**PROMPT:** All lines at and after the one containing "創立20周年記念事業 「二十歳の感謝まつり」 （平成30年）", up to the end of the listing below, are to be printed exactly, with the pictures omitted.

**SOURCE DATA:**
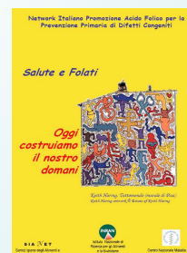
Figura 2. Booklet "Salute e folati" (Sianet - INRAN - ISS)

L'esperienza ed i risultati ottenuti dimostrano la praticabilità di azioni di comune interesse attraverso la collaborazione tra Sian e Società di Gestione della Ristorazione Collettiva con il supporto scientifico di ISS e INRAN. È pertanto di fondamentale importanza perseguire azioni condivise, pianificate e sistemiche che permettano di raggiungere gli obiettivi prefissati in una materia che ha acquisito grande rilevanza sanitaria, economica e sociale.
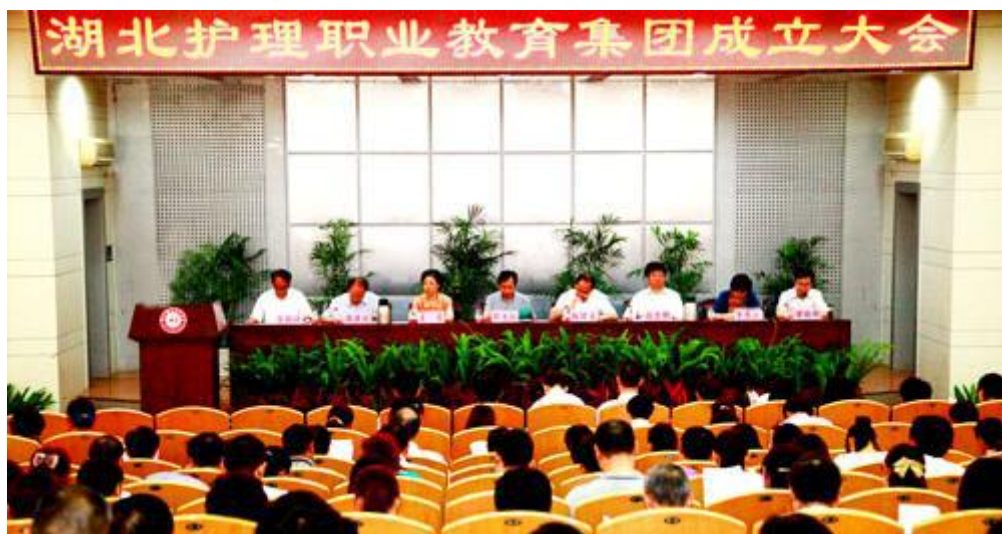
图 1 职教集团成立大会

依托护理职教集团，联合人民卫生出版社，组织集团学校骨干教师和临床护理专家共同编写出版了湖北省十二五高职护理专业区域规划教材（全套 28 册），经过一年多的试用，反应良好，促进了教学质量改革，提高了人才培养质量。
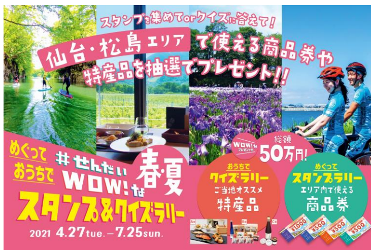
▲ スタンプ&クイズラリーのお知らせ

同時開催を予定していた、対象スポットを巡る「めぐってスタンプラリー」は、新型コロナウイルス感染症の拡大防止のため開始を延期しています。開始時期などについては、特設ウェブページでご確認ください。
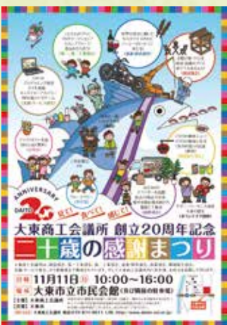
創立20周年記念事業 「二十歳の感謝まつり」 （平成30年）
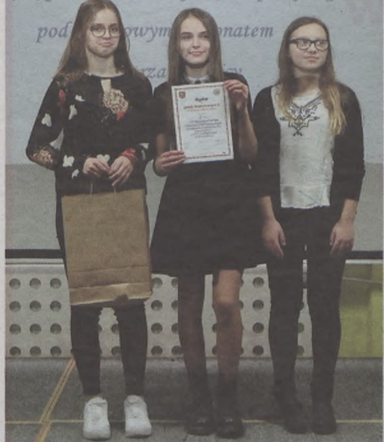
Język ojczysty znają doskonale

jętki powiedział wszystko, co pomyśli głowa

**EXERCISE OUTPUT:**
創立20周年記念事業 「二十歳の感謝まつり」 （平成30年）
Język ojczysty znają doskonale

jętki powiedział wszystko, co pomyśli głowa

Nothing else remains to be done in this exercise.